• _Problem details_
Every entry should come back exactly as written, minus the pictures.

• _Task material_
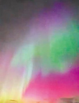 當南加州的天空變成紫色、粉紅色、綠色和黃色的絢麗電光時,欣賞者紛紛發出讚嘆。這場極光是由本週末襲擊地球的強烈地磁風暴所引起,在包括加州的全美國多個地區都可見,而曾加州南端的聖地牙哥到北加州,都有民眾目擊到這一壯麗景觀。
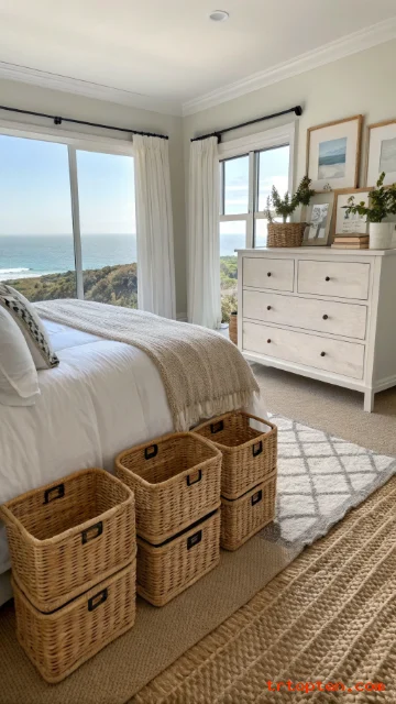 Choose baskets in natural seagrass or rattan tones. Place one by the bed and one near the dresser for a simple system.
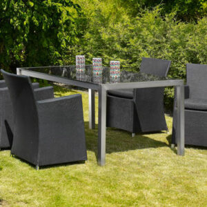 Singular mesa de jardín de acero inoxidable y cristal negro.  Sirve tanto para exterior como para interior. Medidas: 96 x 155 cm.
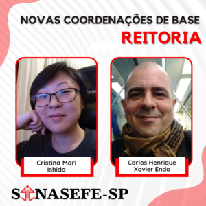 NOVAS COORDENAÇÕES DE BASE DO SINASEFE-SP | REITORIA Em assembleia local realizada na última quarta-feira (9 de setembro), as trabalhadoras e trabalhadores da Reitoria elegeram Cristina Mari Ishida e Carlos Henrique Xavier Endo como Coordenadores de Base do nosso sindicato. 🖱️📑...
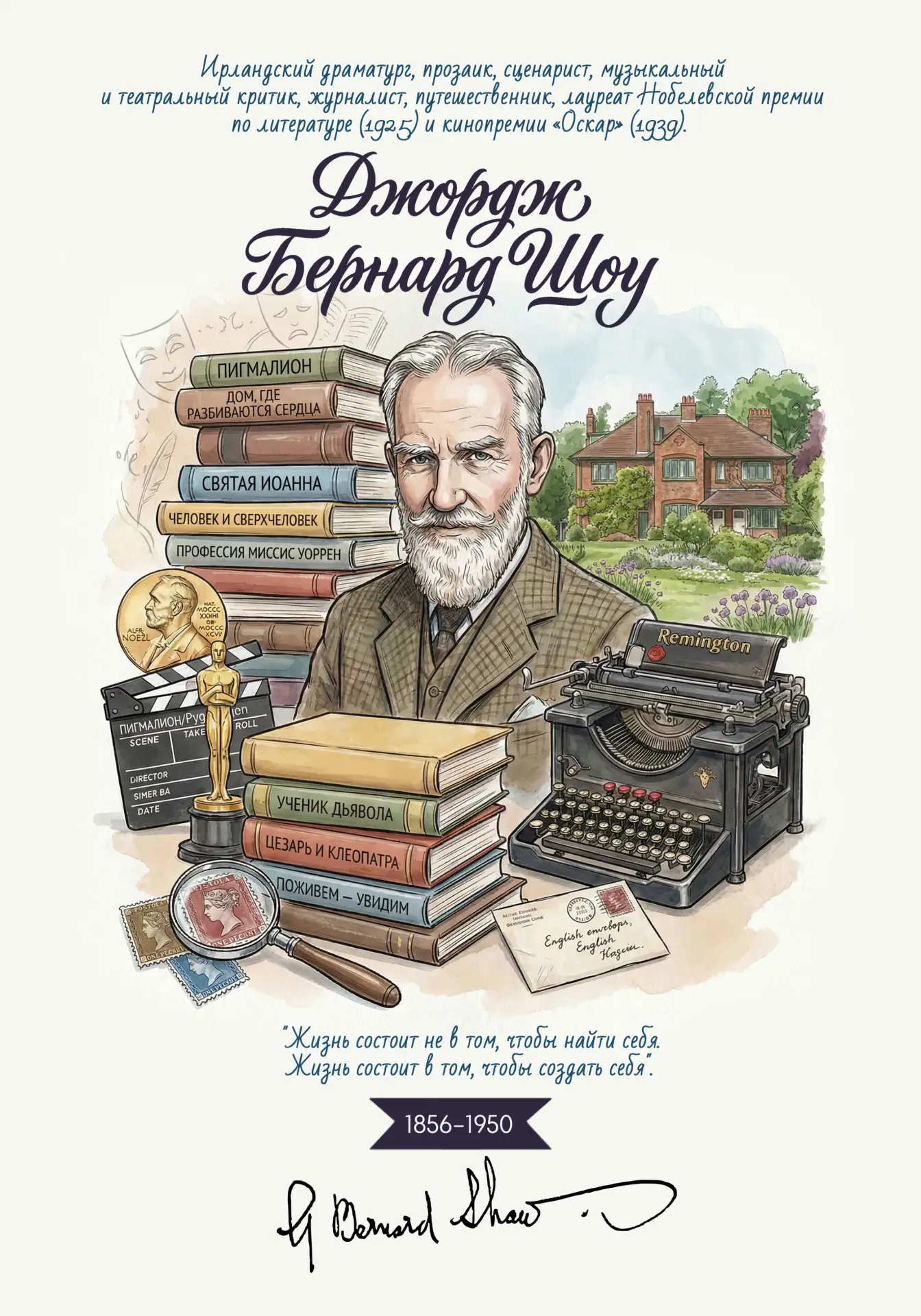 Джордж Бернард Шоу (1856–1950) - ирландский драматург и романист, журналист, путешественник, музыкальный и театральный критик, лауреат Нобелевской премии по литературе (1925) и кинопремии «Оскар» (1939) за сценарий фильма «Пигмалион», Второй (после Шекспира) по популярности драматург в английском театре. За свою долгую жизнь написал 63 пьес, а также романы, критические произведения, эссе и больше чем 250 000 писем. В первой половине 1890-х годов работал критиком в журнале «London World». коллекционировал почтовые марки на протяжении многих лет, считая это занятие прекрасным отдыхом.
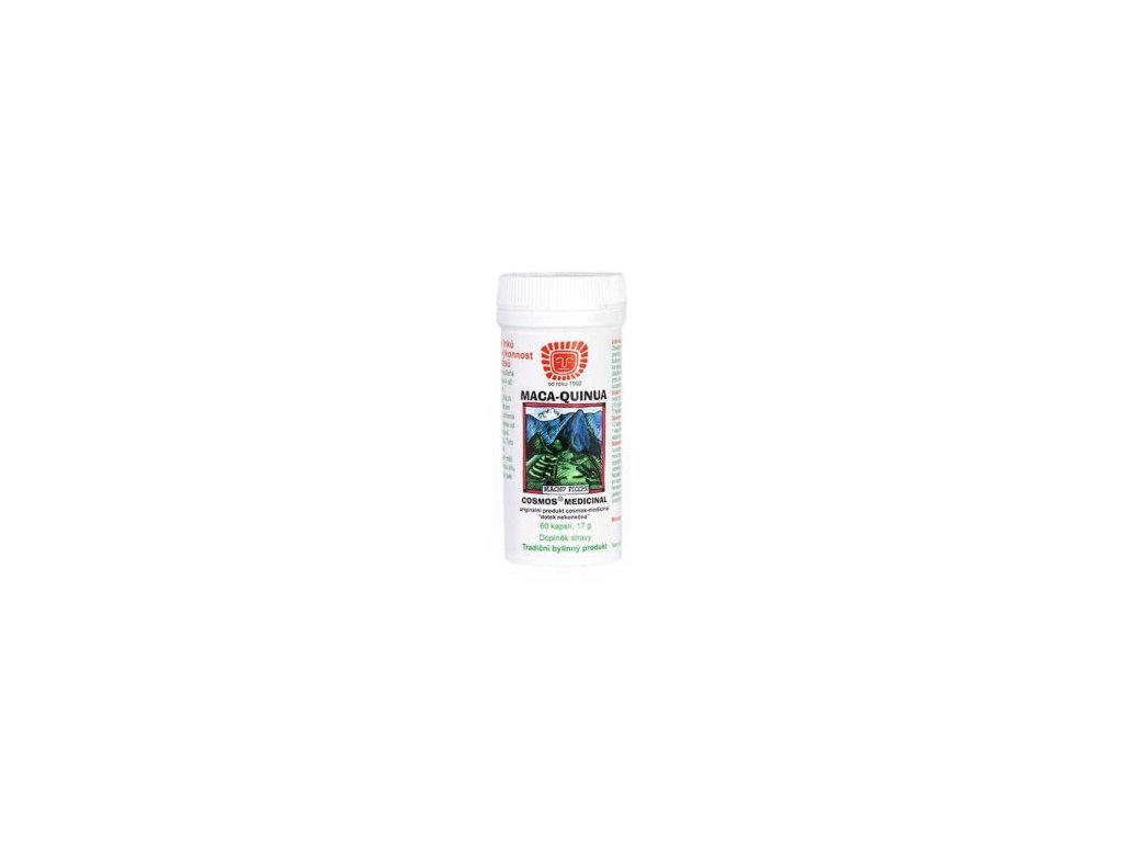 Mletý koreň Maca, mleté ??zrná Quinua v pomere 1:1 175 mg/kapsule, želatínové kapsule.
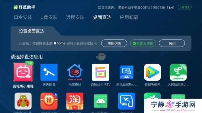 4、桌面直达功能:选择“自定义应用”后,选择一个应用进行“开启”,按home键后即可直接打开刚才选择的应用首页
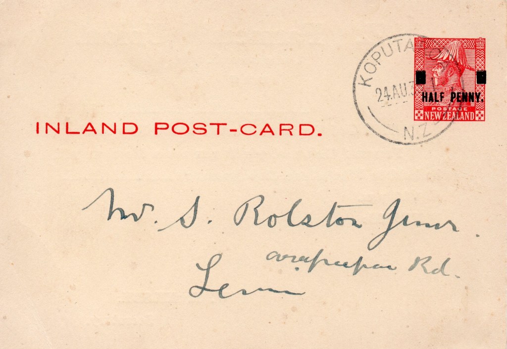 Card: KGV ½d Fantail (Samuel: AD.1a)

• _Written solution_
 當南加州的天空變成紫色、粉紅色、綠色和黃色的絢麗電光時,欣賞者紛紛發出讚嘆。這場極光是由本週末襲擊地球的強烈地磁風暴所引起,在包括加州的全美國多個地區都可見,而曾加州南端的聖地牙哥到北加州,都有民眾目擊到這一壯麗景觀。
 Choose baskets in natural seagrass or rattan tones. Place one by the bed and one near the dresser for a simple system.
 Singular mesa de jardín de acero inoxidable y cristal negro.  Sirve tanto para exterior como para interior. Medidas: 96 x 155 cm.
 NOVAS COORDENAÇÕES DE BASE DO SINASEFE-SP | REITORIA Em assembleia local realizada na última quarta-feira (9 de setembro), as trabalhadoras e trabalhadores da Reitoria elegeram Cristina Mari Ishida e Carlos Henrique Xavier Endo como Coordenadores de Base do nosso sindicato. 🖱️📑...
 Джордж Бернард Шоу (1856–1950) - ирландский драматург и романист, журналист, путешественник, музыкальный и театральный критик, лауреат Нобелевской премии по литературе (1925) и кинопремии «Оскар» (1939) за сценарий фильма «Пигмалион», Второй (после Шекспира) по популярности драматург в английском театре. За свою долгую жизнь написал 63 пьес, а также романы, критические произведения, эссе и больше чем 250 000 писем. В первой половине 1890-х годов работал критиком в журнале «London World». коллекционировал почтовые марки на протяжении многих лет, считая это занятие прекрасным отдыхом.
 Mletý koreň Maca, mleté ??zrná Quinua v pomere 1:1 175 mg/kapsule, želatínové kapsule.
 4、桌面直达功能:选择“自定义应用”后,选择一个应用进行“开启”,按home键后即可直接打开刚才选择的应用首页
 Card: KGV ½d Fantail (Samuel: AD.1a)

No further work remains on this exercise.